Da questo punto di vista, il modello che sto descrivendo appartiene al novero delle psicoterapie di tipo narrativo.

Poiché poi la sua prassi tende a rendere sperimentabile (o “percepibile”) la natura autoassertiva delle categorizzazioni umane, e la loro capacità di generare irrisolvibili paradossi pragmatici in quanto fondate sui criteri di “vero/falso” della logica aristotelica, e poiché tende a questo obbiettivo attraverso la narrazione di un gruppo che racconta sé stesso, si tratta di una esperienza definibile come autoreferenziale.

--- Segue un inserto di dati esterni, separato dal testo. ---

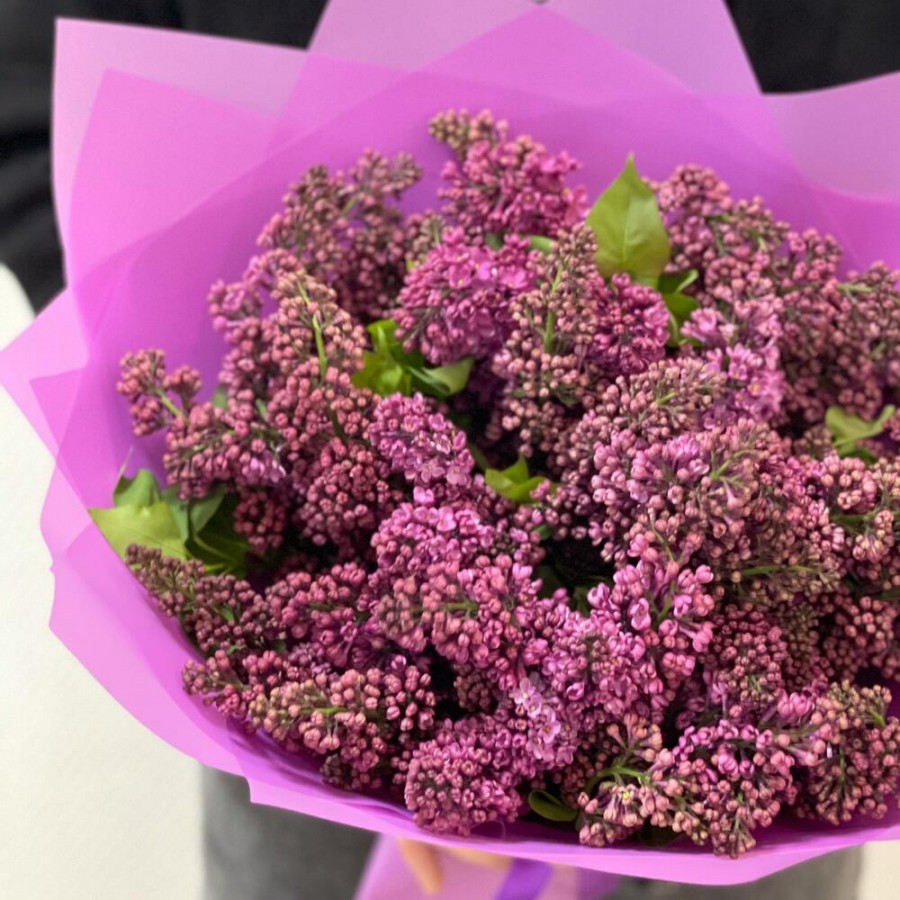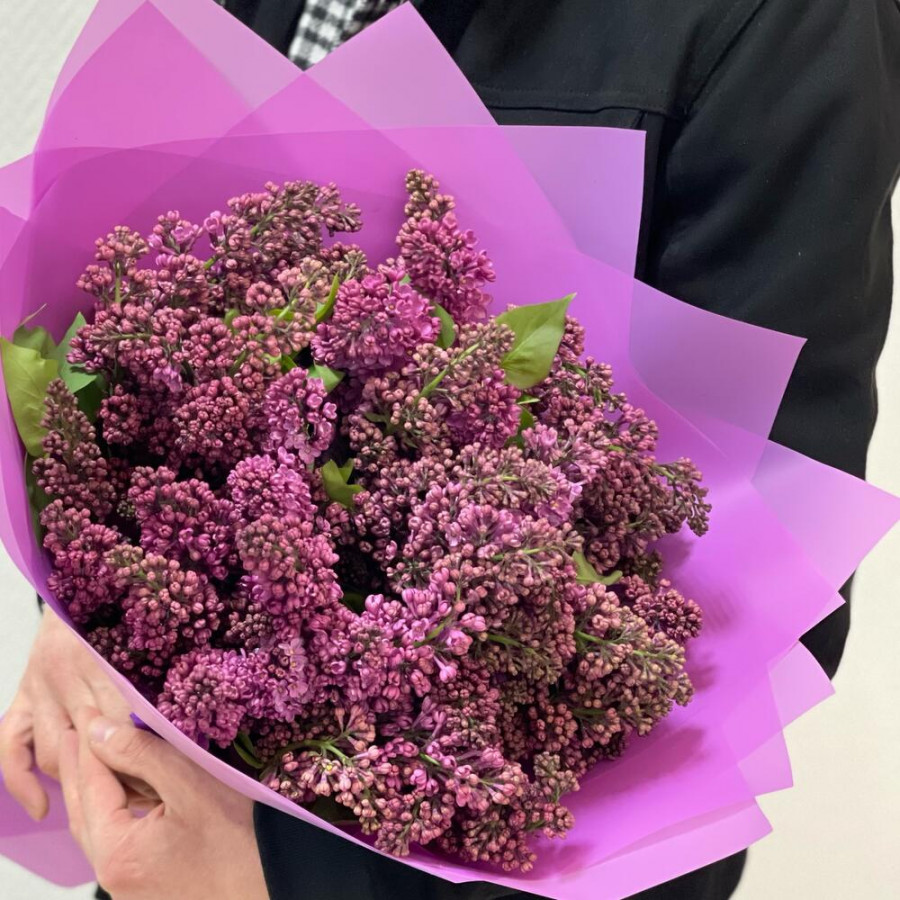 На фото букет свежей ароматной сирени. В составе: сирень 21 шт, дизайнерская упаковка 3 шт, атласная лента 2 шт, . Все цветы свежие и ароматные, букет красиво оформлен и отлично подходит для подарка. Доступна доставка цветов или самовывоз.

L’ipotesi psicoterapeutica che sta alla base di tale prassi e che un set/setting così concepito tende ad evidenziare le discrepanze che emergono nei partecipanti allorché confrontano la propria esperienza di sé stessi in un simile spazio interattivo – basato sull’esperire in prima persona l’indefinibilità tra differenza e identità esistenti fra “creazione” e “psicoterapia”, “personaggio” e “paziente”, “set” e “setting” , “narrazione” e “storia clinica”- con quella che fanno e descrivono nella vita di tutti i giorni.

L’impossibilità di decifrare la definizione “esatta”, rende di fatto la “psicoterapia” la rappresentazione di se stessa, e i pazienti coloro che sono attori di sé stessi e inventano la propria storia di pazienti. Secondo l’ipotesi operativa sottesa, ciò attiva una chiave di trasformazione del proprio bisogno di distinguere fra “percezione” ed “illusione” – un dilemma tipico della logica aristotelica, superato appunto dal pensiero “costruttivista”, e permette di creare nuove regole per la propria realtà, esperendo come essa emerga dalla relazione con sé stessi e gli altri.

In questa logica, dunque, la videoregistrazione permette di registrare il momento in cui le significazioni che vengono date a sé stessi, al proprio contesto, alle proprie storie, sono il momento di una creazione sempre in atto in cui le spiegazioni che si danno di quanto si è, e di quanto accade, sono il risultato di un punteggiare attraverso il proprio operare nel linguaggio, le proprie esperienze interne.

Ciò è abbastanza evidente allorché la possibilità di riscrivere i nessi causali della “realtà” viene, nel “set”/”setting” della VMT meglio esplicitata allorchè si procede, durante la “fase di elaborazione” di ciascuna seduta, alla creazione dei nuovi sviluppi della trama: lavorando sulla possibilità dei “personaggi” di percepire e significare i loro problemi e le situazioni in termini diversi da come li percepiscono e significano in quel momento della storia, si evidenziano sia la “circolarità” della realtà umana, sia la possibilità di generare “realtà” sempre diverse partendo da spiegazioni porte da domini di “esistenza” sempre differenti. E’ qui che emerge tangibilmente, nel gruppo, la consapevolezza della tendenza degli “eventi” ad autodeterminarsi perché in realtà sono frutto del significato che se ne dà.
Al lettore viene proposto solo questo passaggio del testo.